• **Supplied records**
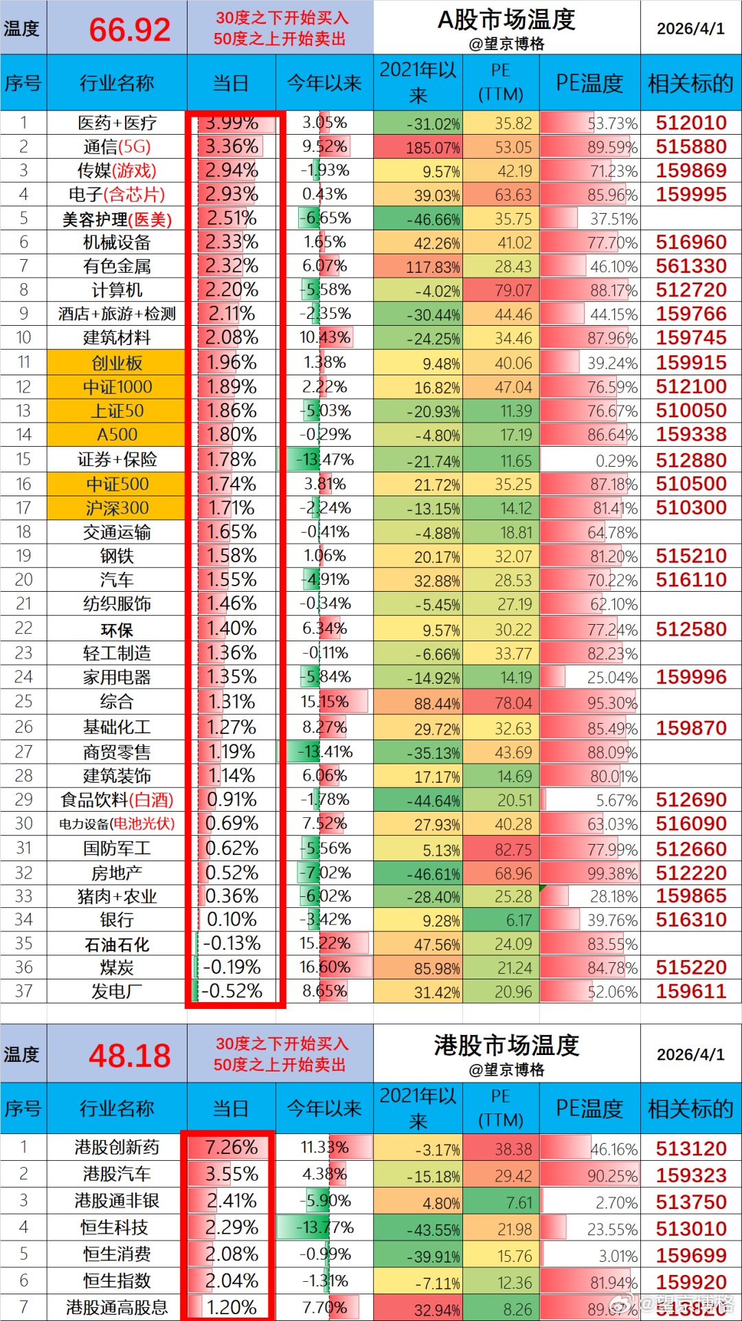 看了一下最近创新药企业披露的业绩。恒瑞医药2026年业绩指引净利润增长30%,可以说这次就是实打实的业绩驱动,说不定未来几个月又是创新药领涨了。还记得前段时间创新药也是人人挨打,但是博格还是坚持说看好...看好...已经重仓怎么说呢?当一个东西上涨时众口一词的看好,本是人之常情;下跌时依旧坚守的认可,才真的需要定力和勇气.....而往往在无人喝彩的下跌里,才通常是最佳买点....博格今天账户回血一大块,全靠港股创新药与恒生医疗撑着,希望它们再接再厉,早日创出新高!今日温度:A股今天66.92度,相比上一个交易日上升+1.70度;港股今天48.18度,相比上一个交易日上升+2.50度;欢迎留言!也感谢大家的点赞与点爱心~ A股高开震荡
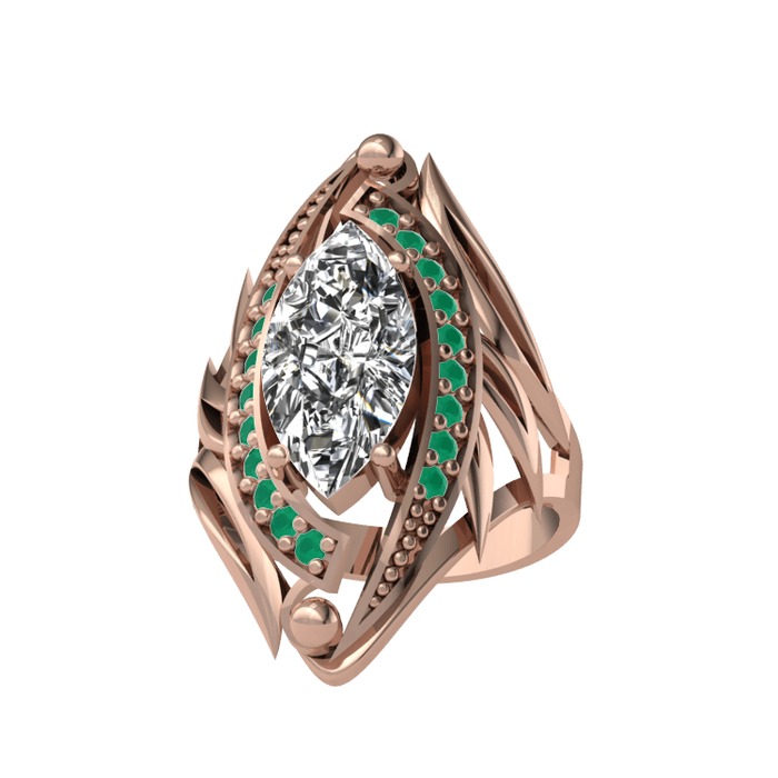 Beyaz zirkon ve kök zümrüt 925 ayar rose altın kaplama gümüş yüzük
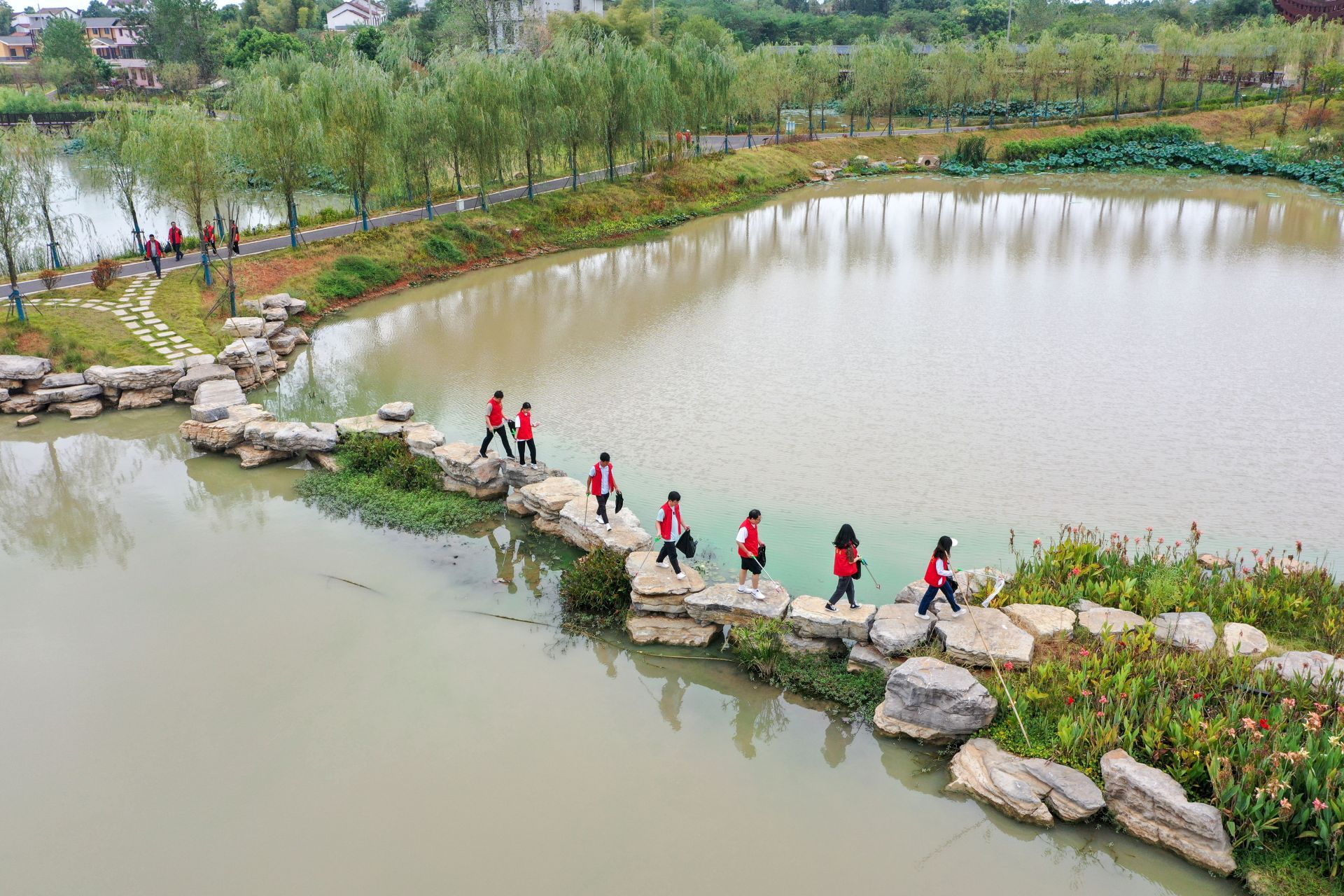 随后,志愿者们拿起工具,沿着湿地公园的湖堤,捡拾垃圾、清除杂草,把原本就环境宜人的湿地公园妆点得更加干净整洁。
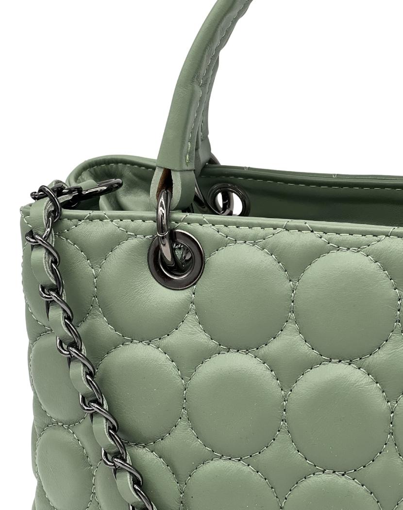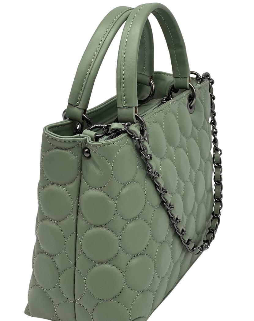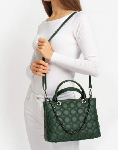 Шкіряна жіноча сумка з тисненням (зелена)
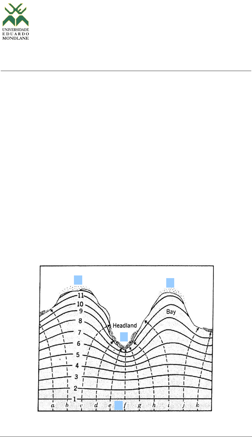 Exame de Recorrência de Introdução a Engenharia Costeira 2 Hrs Curso: Oceanografia e geologia Marinha 10-07-18 UEM/ESCMC/Intr. Eng. Costeira/2018 ESCOLA SUPERIOR DE CIÊNCIAS MARINHAS E COSTEIRAS 1. Defina Movimentos Isostáticos e Eustáticos e discuta o seu significado. 2. No geral, as costas podem ser classificadas em Costas estacionárias, Costas em retraimento e Costas em avanço, dependendo da direcção do movimento da linha de costa. Com base nesta afirmação, diga como serão classificadas as costas onde: a) Emergência é maior que Erosão. b) Submergência é maior que Deposição c) Emergência e Deposição cooperam. 3. Liste os factores/processos que são responsáveis pela forma de uma praia e podem modificar o perfil da mesma. 4. Liste os factores que contribuem para a degeneração das encostas marinhas. Escolha um deles e discuta em detalhe. 5. Discuta a importância e utilidade económica das praias. 6. No diagrama a seguir, diga qual será a distribuição de energia nos pontos A, B e C. Bom trabalho! A A B C A A B C
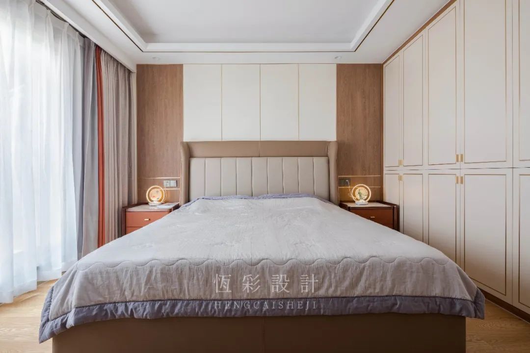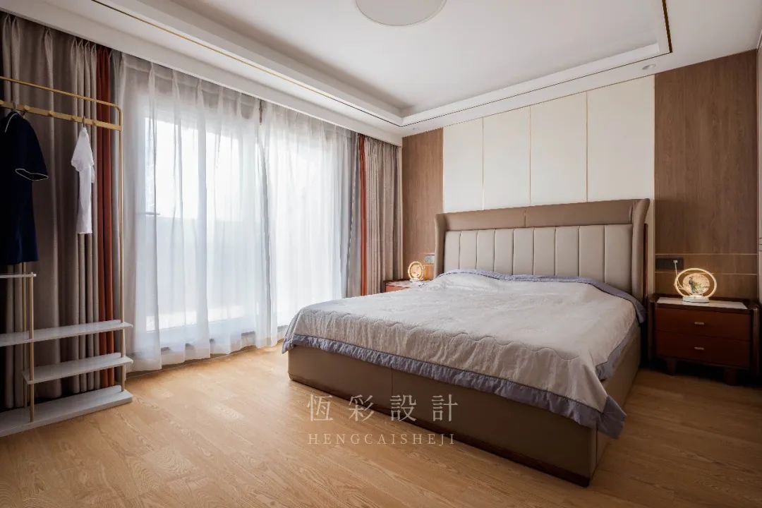 主卧与大露台以移门相隔,提升空间采光,两层窗帘设计,白纱保证光线和隐私性,撞色窗帘遮光、隔音。
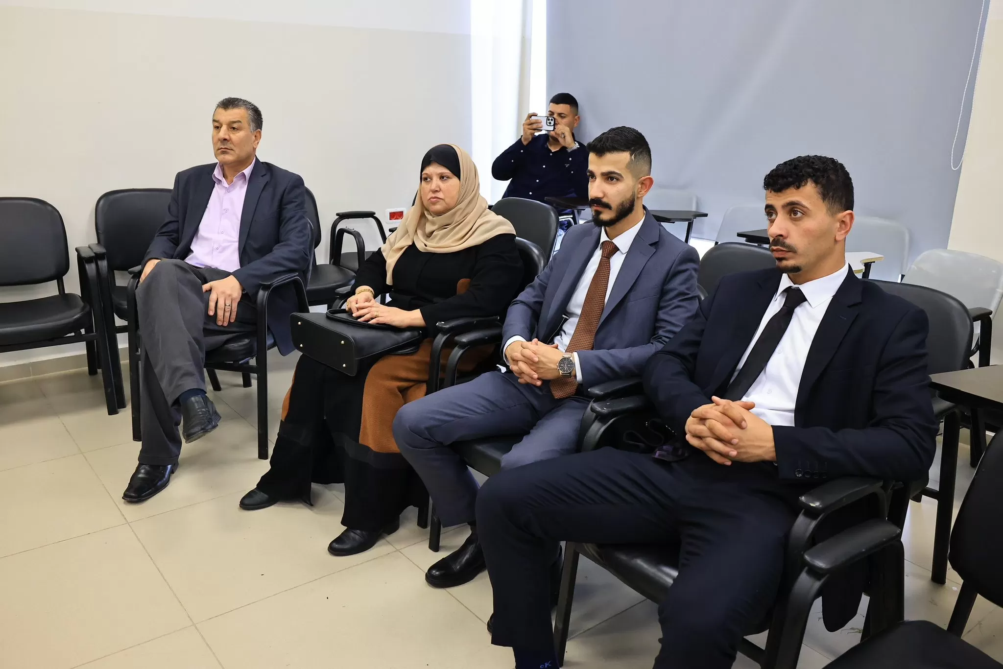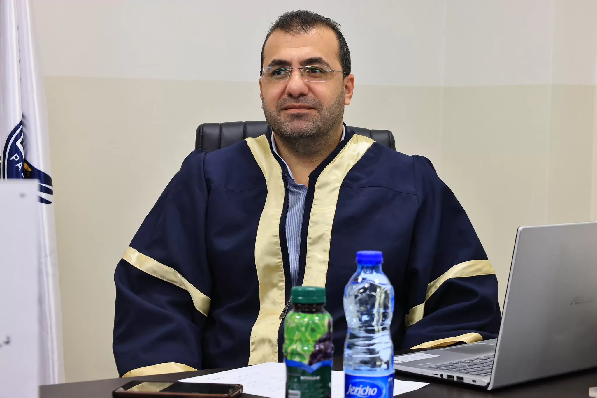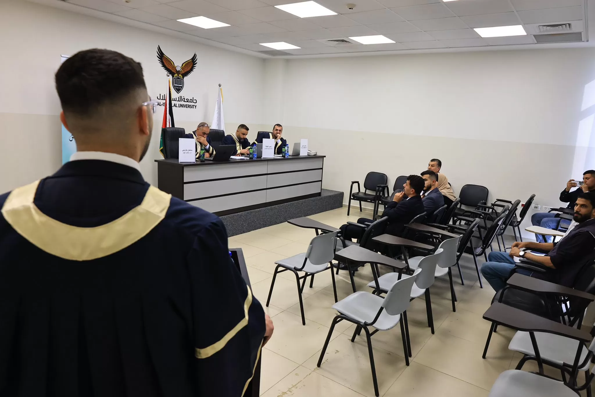 وتكونت لجنة المناقشة من د.عبد الرحمن سلوادي مشرفًا على الرسالة، د. عبّد اللطيف أبو عودة ممتحنًا داخليًا، أ.د. شاهر عبيد ممتحنًا خارجيًا.
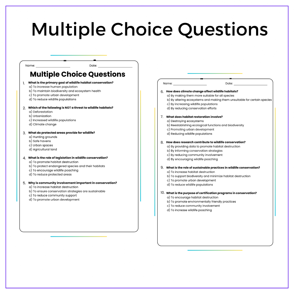 Inspire your students to protect Earth’s incredible wildlife with this Conservation of Wildlife Habitats worksheet! Designed for grades 4–8, this resource teaches the importance of natural habitats, the threats they face, and how conservation efforts help preserve biodiversity for future generations.
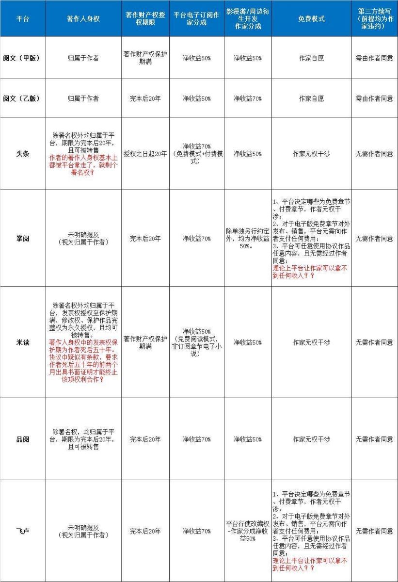 中国作家网记者梳理后发现,基础协议对作者而言意味着无推荐、无订阅、无收入;而深度协议更多面向的是已成名的作家;所以,焦点主要体现在甲乙两版的授权协议上。
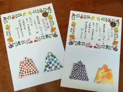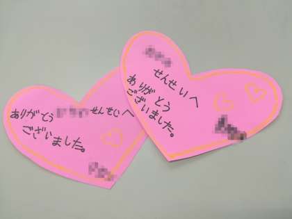 今日は、全25回の日本語学習の最終日でした。これまで頑張ってきた二人には、先生からは「修了証」が手渡されました。お返しに、子ども達は感謝の気持ちをこめてカードを書きました。
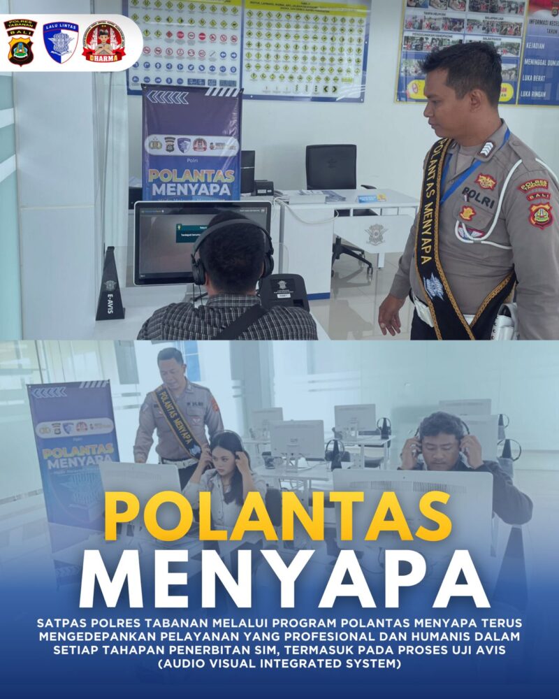 Seijin Kapolres Tabanan AKBP I PUTU BAYU PATI, S.I.K., M.H., Satpas Polres Tabanan melalui program Polantas Menyapa terus mengedepankan pelayanan yang profesional dan humanis dalam setiap tahapan penerbitan SIM, termasuk pada proses uji AVIS (Audio Visual Integrated System).
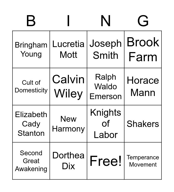 This bingo card has 17 words: Free!, Second Great Awakening, Joseph Smith, Bringham Young, New Harmony, Brook Farm, Shakers, Ralph Waldo Emerson, Horace Mann, Calvin Wiley, Dorthea Dix, Knights of Labor, Cult of Domesticity, Lucretia Mott, Elizabeth Cady Stanton, Seneca Falls and Temperance Movement.
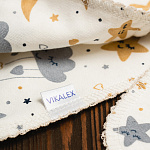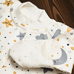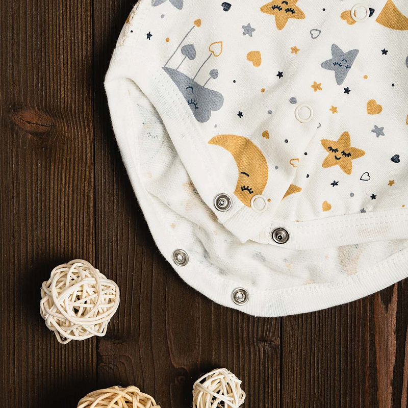 Боди выполнено из хлопкового футера с мягким начесом внутри. Застежка на кнопочки спереди по всей длине и между ножек позволит легко одеть малыша, а также сменить ему памперс, не снимая боди полностью. Рукава имеют манжеты-трансформеры для возможности закрыть ручку малыша от царапания. Чтобы не травмировать нежную кожу ребенка, все швы выполнены наружу на четырехниточном оверлоке качественными нитками в тон полотна. Боди также оформлен фирменным флажком с надписью Vikalex - это не только элемент декора, но и знак качества изделия.
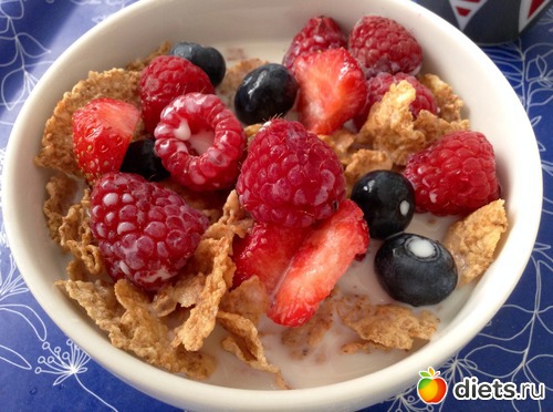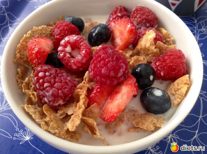 Завтрак - хлопья с ягодами и молоком:

• **Assignment**
Begin with the line that contains "Боди выполнено из" and copy every line through the end of the listing, exactly as written, both ends included. Pictures are not part of the copy.

• **Output of the exercise**
 Боди выполнено из хлопкового футера с мягким начесом внутри. Застежка на кнопочки спереди по всей длине и между ножек позволит легко одеть малыша, а также сменить ему памперс, не снимая боди полностью. Рукава имеют манжеты-трансформеры для возможности закрыть ручку малыша от царапания. Чтобы не травмировать нежную кожу ребенка, все швы выполнены наружу на четырехниточном оверлоке качественными нитками в тон полотна. Боди также оформлен фирменным флажком с надписью Vikalex - это не только элемент декора, но и знак качества изделия.
 Завтрак - хлопья с ягодами и молоком:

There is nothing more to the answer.